Remember MCP servers, the connectors from earlier? Here is one, live. Point Codex at Atlassian Jira and it can read your board: ask for your open tickets in plain English and get them back with working links.

1 Add the connector
# ~/.codex/config.toml
[mcp_servers.atlassian]
command = "npx"
args = ["-y", "@aashari/mcp-server-atlassian-jira"]

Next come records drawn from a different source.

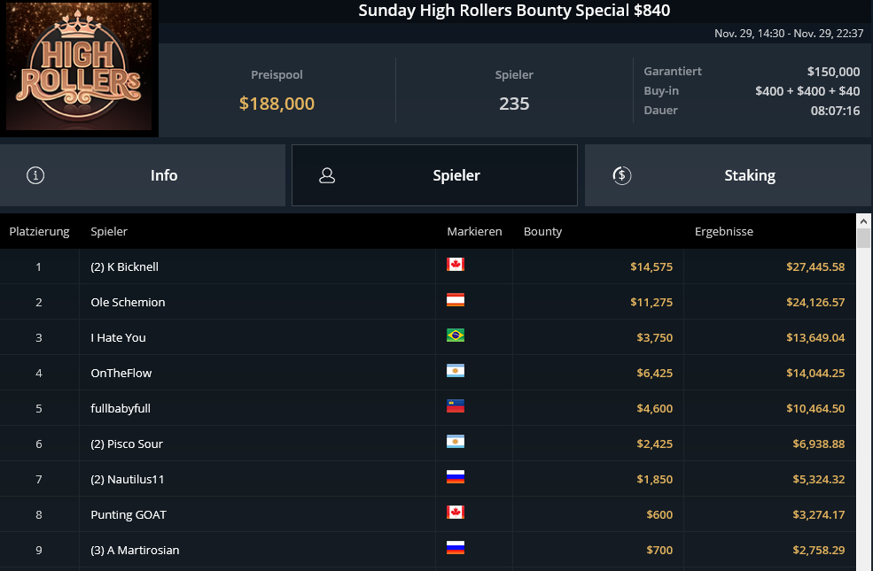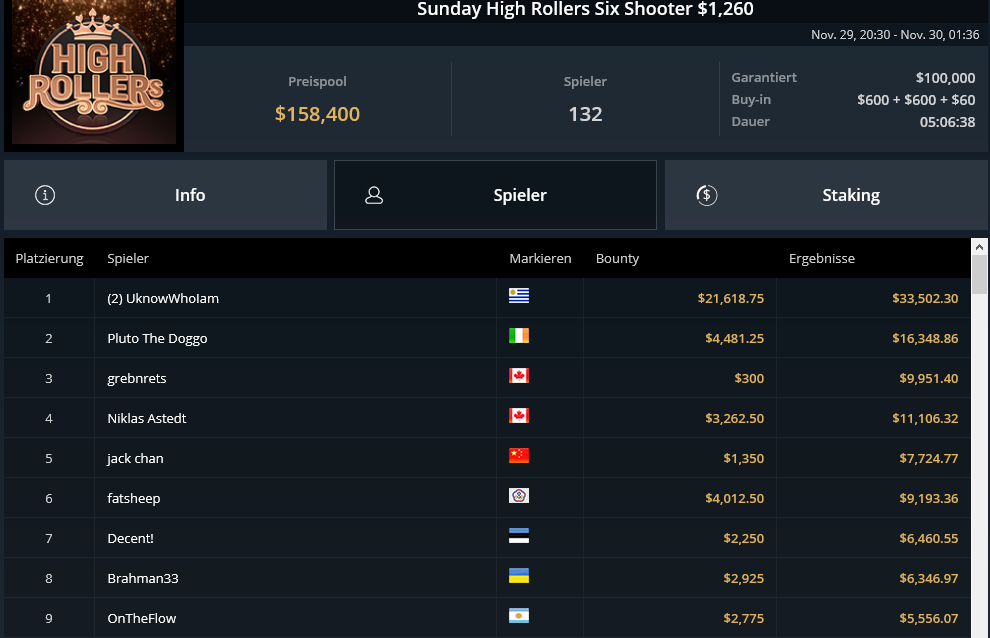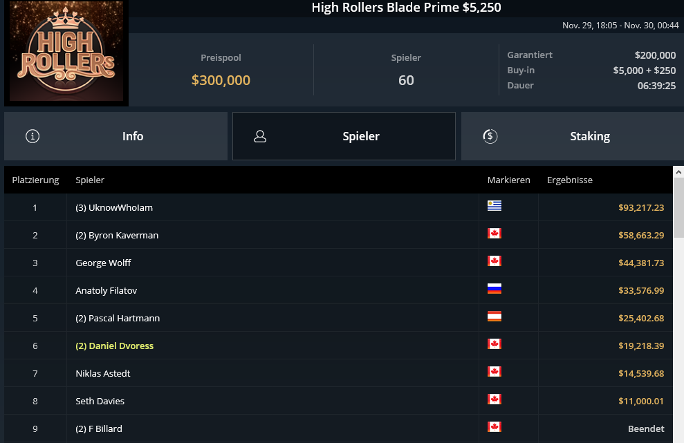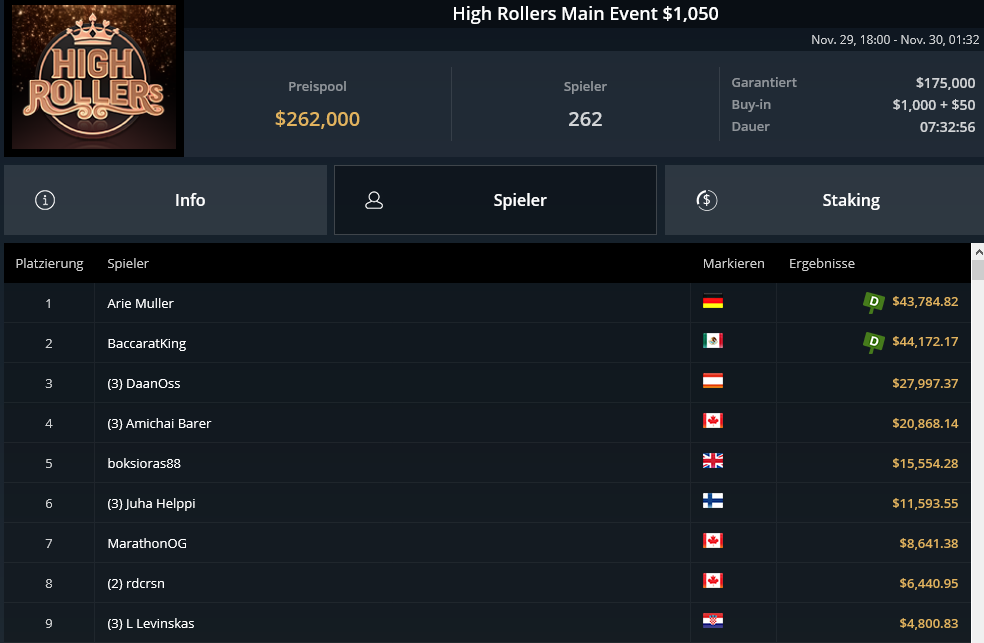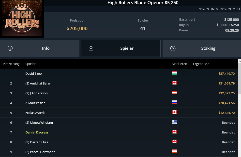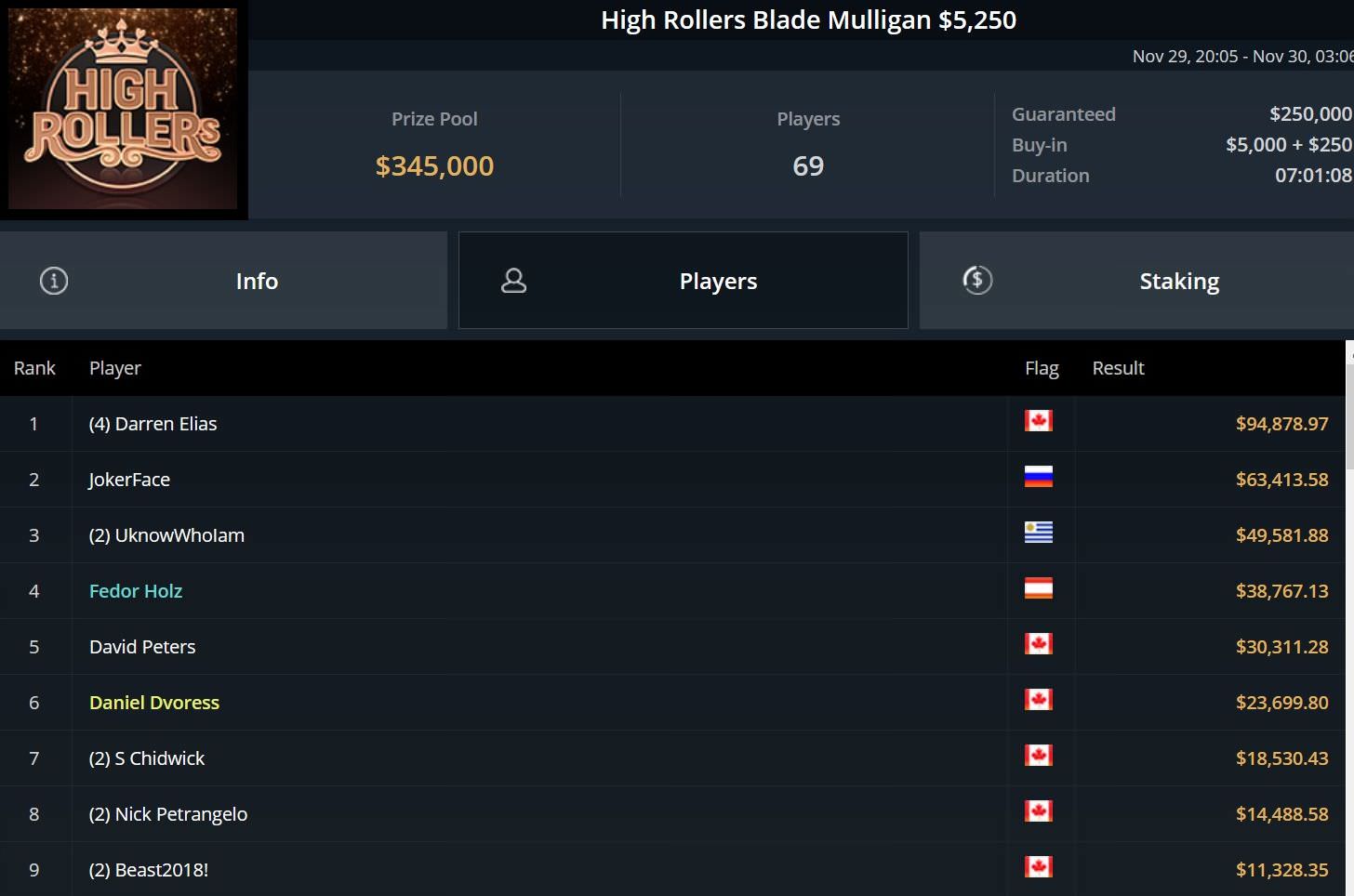 Für weitere starke DACH-Resultate sorgten Fedor Holz mit Platz 4 beim High Rollers Blade Mulligan (gut $38.000 Preisgeld), Pascal Hartmann mit Platz 5 beim High Rollers Blade Prime (gut $25.000 Preisgeld), Stefan Jedlicka mit Platz 4 beim High Roller FAST (knapp $5.000 Preisgeld), Rainer Kempe mit Platz 2 beim High Rollers Cooldown (knapp $13.000 Preisgeld) und Ole Schemion mit Platz 2 beim Sunday High Rollers Bounty Special (gut $24.000 Preisgeld).
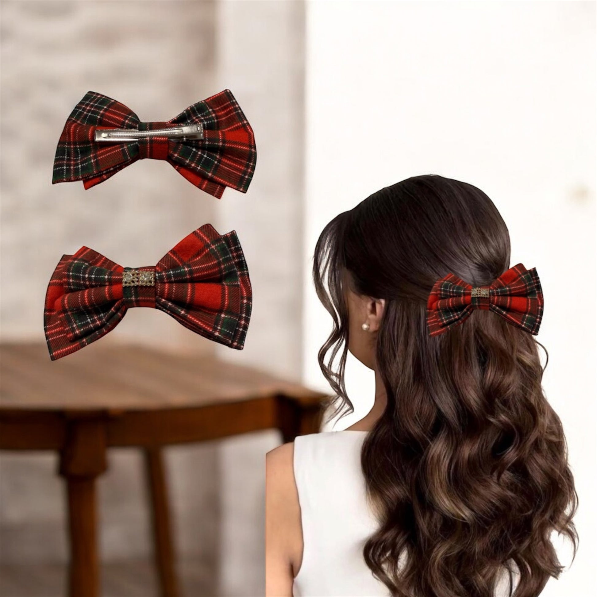 Add a classic and charming touch to your hairstyles with our Royal Bows, handcrafted from buffalo plaid fabric in three different prints. Their sturdy design maintains its shape perfectly, and the gold accent in the center adds an elegant and festive sparkle.
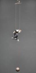 Hanglamp bestaande uit spot aan twee draden, met kogelvormige metalen gewicht, model Abollo, ontwerp C.P. & P.R. Associati, uitvoering Artemide, Italië, 173 x 23 x 17 cm
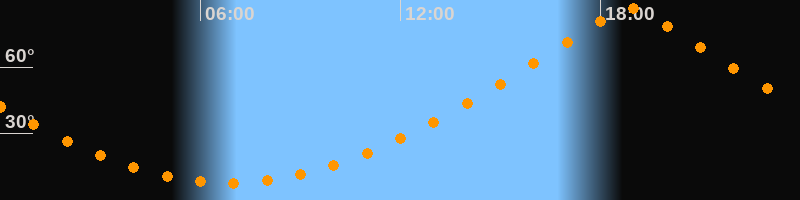 | Höchster Stand (Kulmination) | 18:53 Uhr (h = 86,4°) |

[mcp_servers.atlassian.env]
ATLASSIAN_SITE_NAME  = "your-site"
ATLASSIAN_USER_EMAIL = "you@ucsf.edu"
ATLASSIAN_API_TOKEN  = "ATATT3x••••••••"  # from id.atlassian.com
Drop the block in, then restart Codex.
2 Add a skill for consistency
---
name: jira
description: Always link every ticket,
  show its status, confirm before writes.
---
One format, every time:
[KEY](…/browse/KEY) · summary · status
skills/jira/SKILL.md
3 Just ask, in plain English
Codex querying Jira through the Atlassian MCP server: one prompt returns 12 open tickets, each with a link
One prompt → 12 open tickets, each linking straight to Jira.
This is an MCP connector at work. No exports and no custom API code. The same pattern from earlier, now pointed at Jira. Swap in GitHub, Confluence, or a database the same way.
Wrapping up

Pick one task. Start this week.

The tools are already here and they are PHI-safe. The fastest way to learn is to point one at a piece of real work and watch what it does.

What to remember
  • Agentic AI works with you. It plans, acts, checks, and repeats, instead of just answering.
  • Use UCSF's PHI-safe tools. ChatGPT Enterprise and the Versa API keep data protected and out of training.
  • Treat every output as a draft. Polished does not mean correct. Verify against the source.
  • The harness beats the prompt. Tools, loops, and connectors are where the real gains come from.
  • Skills capture how you work. Encode your process once, reuse it the same way every time.
Start this week
  1. Request access to ChatGPT Enterprise and UCSF Versa.
  2. Pick one repetitive task you already do often.
  3. Ask the agent to plan first, then approve before it runs.
  4. Keep PHI on Enterprise or Versa only, never consumer ChatGPT.
  5. Check the result against the original data before you trust it.